This Court now concludes that the entry of the Judgment of Foreclosure and Sale within the 90-day preference period is not avoidable under § 547(b) because it was not a transfer of Buckskin's interest in property that gave the WHA more than it would receive in a hypothetical chapter 7. This is so because the WHA was already a secured creditor at the time it commenced the foreclosure action against Buckskin pursuant to the terms of the WHA's Declaration and New York Real Property Law § 339. Although it is true that, "as a matter of law, whenever a general unsecured creditor obtains, within the preference period, a judicial lien against a debtor who cannot fully repay his unsecured creditors, he has received a preference," Orth-O-Vision, Inc. v. Wometco Home Theatre, Inc. (In re Orth-O-Vision, Inc.), 49 B.R. 943, 945 (Bankr. E.D.N.Y. 1985), that is not the situation in this case. The WHA was not an unsecured creditor that, but for the entry of the Judgment of Foreclosure and Sale, would have had to share pro rata with other unsecured creditors.

A homeowners association may derive its authority to foreclose from its declaration and bylaws. See Bd. of Dirs. of House Beautiful at Woodbury Homeowners Ass'n v. Godt, 96 A.D.3d 983, 985 (N.Y. App. Div. 2d Dep't 2012). The WHA's Declaration provides that a "lien for past due Assessments may be foreclosed by the Association in accordance with the laws of the State of New York, in like manner as a mortgage on real property." (Cains Decl. Ex. 4, ECF No. 182-4.) Similarly, § 339 of New York's Condominium Act allows a condominium to foreclose liens for common charges "in like manner as a mortgage of real property." N.Y. Real Prop. Law § 339-aa. Buckskin argues that N.Y. Real Prop. Law § 339 does not apply to the WHA because the WHA is a homeowners association and is not condominium. (Buckskin Mem. of Law at 2-3, 7, ECF No. 181; Buckskin Reply at 5, ECF No. 188.) This argument was already rejected by this Court on the merits and under the Rooker-Feldman doctrine. Buckskin, 2016 WL 5360750, at *11 n.12.

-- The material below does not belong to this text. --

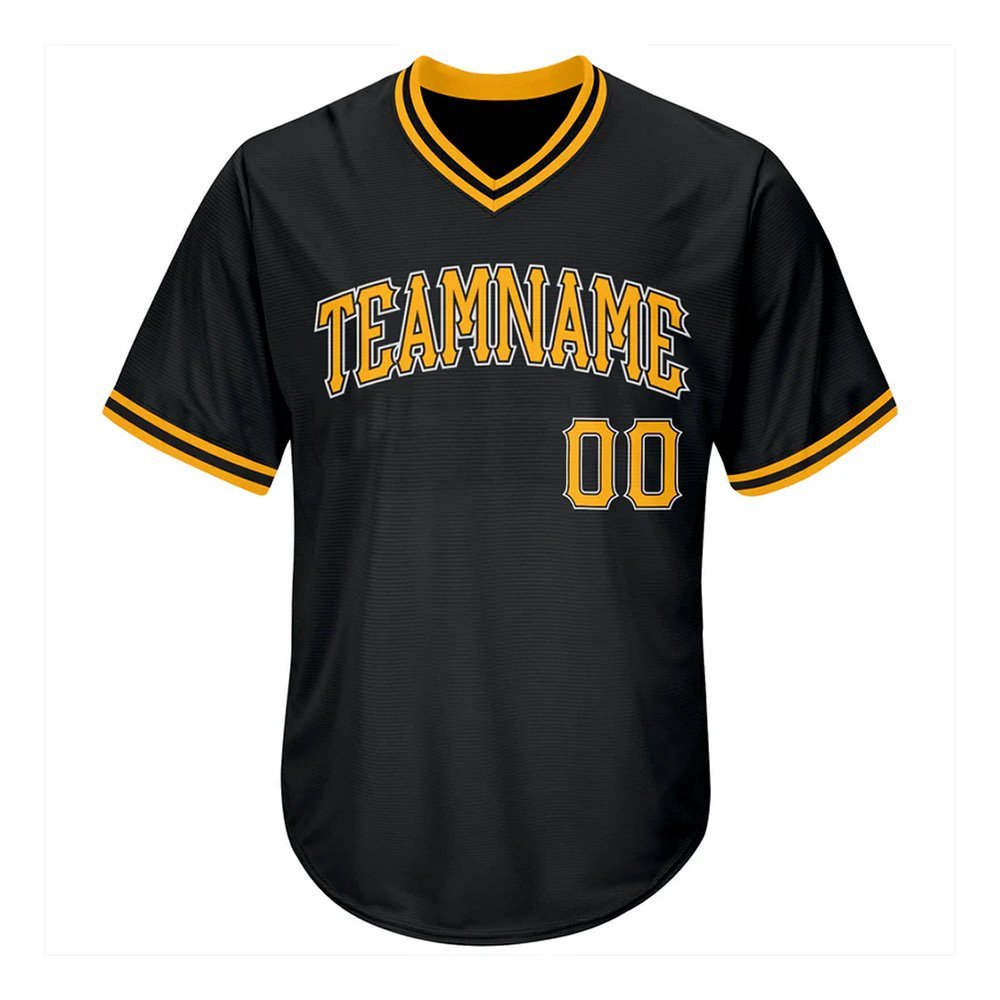 Custom Black Gold-White Authentic Throwback Rib-Knit Baseball Jersey Shirt

Buckskin has not provided any authority to support the argument that entry of a judgment of foreclosure and sale on an existing secured claim is an avoidable preference under § 547(b). The entry of the Judgment of Foreclosure and Sale only gave the WHA the authority to foreclose on its existing secured claim and therefore did not give the WHA more than it would receive in a hypothetical chapter 7. See French v. State Farm Mut. Auto. Ins. (In re LaRotonda), 436 B.R. 491, 496 (Bankr. N.D. Ohio 2010) ("[A]ny prepetition transfer made to a secured claimant will ordinarily only provide such a creditor with consideration to which it was otherwise entitled to receive, thus negating the preferential aspect of the transfer for purposes of § 547(b)(5)."); O'Neill v. Dell (In re O'Neill), 204 B.R. 881, 892 (Bankr. E.D. Pa. 1997) ("[A] substantially oversecured creditor . . . would receive full payment in a Chapter 7 liquidation. Therefore, in order to meet its necessary burden of proving all of the elements of § 547(b), including § 547(b)(5), the [d]ebtor was obliged to prove that the defendant is either an unsecured or an undersecured creditor." (citations omitted)).

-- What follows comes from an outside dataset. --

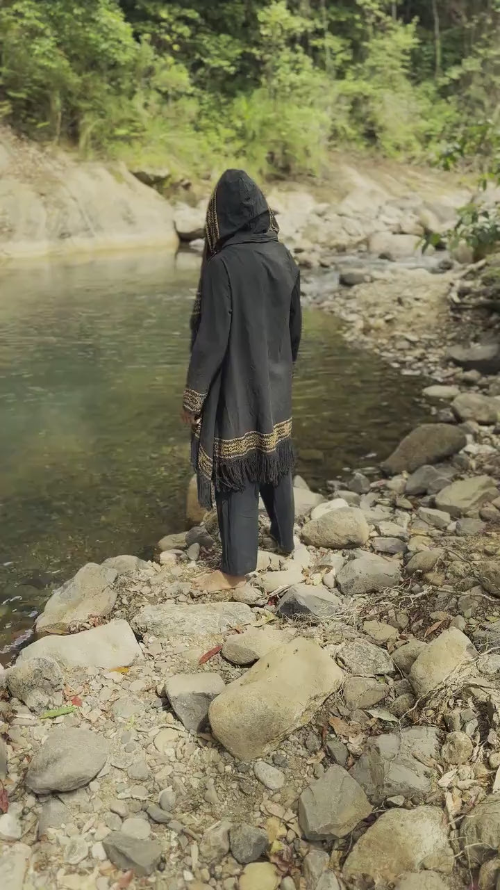 Our JUBBA cloak is a hybridised combination of a jacket, poncho, cloak and robe . . . it has a large hood, long sleeve and a pocket . . . can be worn open or closed with a coconut button on the shoulder . . .

Additionally, the Court rejects Buckskin's argument that avoiding the entry of the Judgment of Foreclosure and Sale renders the WHA an unsecured creditor. (Buckskin Mem. of Law at 8; ECF No. 181.) In support of this argument, Buckskin relies on Babiker v. Citizens Contracting Co. (In re Babiker), in which debtors sought to avoid a judgment lien by arguing that "the docketing of the judgment lien elevated [the creditor] to the status of a fully secured creditor." Babiker v. Citizens Contracting Co. (In re Babiker), 180 B.R. 458, 460 (Bankr. E.D. Va. 1995). Babiker is entirely distinguishable from the instant case because, as discussed above, the Judgment of Foreclosure and Sale did not elevate the WHA's status from unsecured creditor to secured creditor.

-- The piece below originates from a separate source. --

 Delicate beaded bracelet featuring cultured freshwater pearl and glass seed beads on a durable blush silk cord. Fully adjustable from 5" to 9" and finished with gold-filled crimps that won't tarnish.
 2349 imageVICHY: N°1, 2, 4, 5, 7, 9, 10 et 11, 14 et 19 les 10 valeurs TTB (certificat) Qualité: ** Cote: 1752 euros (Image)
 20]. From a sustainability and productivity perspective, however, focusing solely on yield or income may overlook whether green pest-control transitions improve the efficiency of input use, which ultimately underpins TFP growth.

The avoidance of the pre-petition foreclosure sale of the Lots, however, is not as clear-cut. The WHA does not dispute that § 547(b)(1)-(4) are satisfied by the foreclosure sale. The foreclosure sale was a "transfer of an interest of the debtor in property." See 11 U.S.C. § 101(54). The transfer resulted in a benefit to the WHA and was predicated on the Judgment of Foreclosure and Sale against Buckskin on account of the antecedent secured debt Buckskin owed to the WHA. The sale occurred hours before Buckskin's bankruptcy petition was filed—well within the 90-day period—and during a time in which Buckskin's insolvency is presumed pursuant to § 547(f). 11 U.S.C. § 547(f) ("[T]he debtor is presumed to have been insolvent on and during the 90 days immediately preceding the date of the filing of the petition."). The question before the Court is whether the last element of § 547(b) is satisfied—whether the WHA received more than it would receive in a hypothetical chapter 7 liquidation when it was the successful bidder at the foreclosure sale of the Lots.

This Court notes that the sale has not closed and that the WHA does not yet have title to the Lots.

The WHA urges this Court to follow the courts that have extended the Supreme Court's holding in BFP v. Resolution Trust Corp., 511 U.S. 531 (1994), to preference claims, essentially immunizing foreclosure sales from avoidance. Buckskin argues that the sale may be avoided as a preference because the Lots are worth significantly more than the WHA's claim and, therefore, the WHA received more than it would have in a hypothetical chapter 7 liquidation.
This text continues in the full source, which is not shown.